Experiments and Results for CMP v.s. Etching Interaction of ET2 lot

Chapter 3 Experiments and Results

3.3 Etching Experiments and Results

3.4.2 Experiments and Results for CMP v.s. Etching Interaction of ET2 lot

In order to prove above assumption, we prepare some wafers with different combination of W-CMP and oxide touch-up CMP rotary direction and then implement Contact-1 etching in

either ET1 or ET2 with over etching recipe or without over-etching recipe to check the effects induced by CMP rotary direction and over etching on overlay control. The detail spilt table is listed in Table 3-8 and the result is shown in Fig 3-14.

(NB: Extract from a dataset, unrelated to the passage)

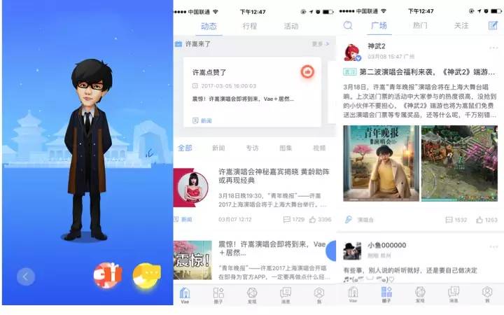 2. 强运营。不同于以往的明星定制APP,在Vae+ APP上粉丝不但可以让许嵩的卡通形式“许老师”送礼物、唱歌、陪聊,还可以有机会获得来自许嵩的点赞或评论。Vae+上亦鼓励粉丝的内容输出,以信息流的方式发布帖子与其他用户开展互动。

The wafer rotation baseline for this experiment is as follows：

1. The wafer rotation baseline for slot 1 and slot 6 are very similar. It means that ET1 wafers is not sensitive to CMP rotary direction. It matches with the previous result that before we implement ET2 etcher for Contact-1 etching in production line.

2. The wafer rotation baseline for slot 4,5,9, and 10 are very close to slot 1 and slot6. It means that ET2 wafers with over etching show deeper alignment mark depth, therefore, not sensitive to CMP rotary direction.

3. ET2 wafers without over etching are very sensitive to CMP rotary direction. The wafer rotation baseline for slot2/3 and slot 7/8 are similar to results from spilt 1 and split 3 in

pervious W-CMP and oxide touch-up CMP rotary direction experiment.

The experimental results have proved the assumption that Contact-1 etching step dominates the poor overlay performance. If the alignment mark is not deep enough, CMP rotary direction will enhance the overlay baseline variation and induce a worse result.

18 -Chapter 4

Conclusion and Discussion

4.1 Conclusion of Experiments:

In this thesis, we discuss the CMP and the etching conditions induced lithography overlay error. Some important conclusions are summarized as follows

(a) Alignment mark depth is the most important factor influencing the overlay error. If the alignment mark depth is too shallow, the scanner alignment system either can not detect enough signal and then induce the alignment fail, or the alignment result can not well correspond to the wafer deformation and then make the overlay baseline variation too big.

(b) CMP process also plays an important role in overlay control. Especially in the condition of alignment mark not deep enough, the CMP rotary direction significantly influences the overlay baseline variation.

(c) In the condition of shallow alignment mark depth, scanner alignment system induced performance difference will become significant.

4.2 The discussion for alignment and overlay strategy:

In general, we separate the factors influence the alignment accuracy and the overlay error performance into 2 parts：

(A) Wafer Process：Including all wafer process that may influence the mark shape. Film deposition thickness, etching time, and CMP polish time, all possibly influence the step height of alignment mark. CMP rotary direction, erosions and dishing effect, etching uniformity, film deposition uniformity all possibly influence the alignment mark deformation and asymmetry.

In this study, we increase the etching time and fix the CMP rotary direction to improve the overlay error performance. But in some cases, the optimal process condition for alignment

mark may not be suitable for the features at circuit areas. Most common case is the alignment mark depth being too shallow. Therefore, it is necessary to coat photoresist to protect circuit area and use additional lithography and etching step to increase the alignment mark depth.

(B) Exposure tool alignment system and alignment mark：The hardware of exposure tool alignment system and the algorithm influence the alignment sensitivity of different alignment mark designs, and also the alignment mark step height and the deformation by wafer process affect the alignment sensitivity. The strategies are developed in lithography alignment technology to reduce the effect induced by wafer process and alignment mark in alignment sensitivity.

It includes

--- To use different wavelength for alignment light source.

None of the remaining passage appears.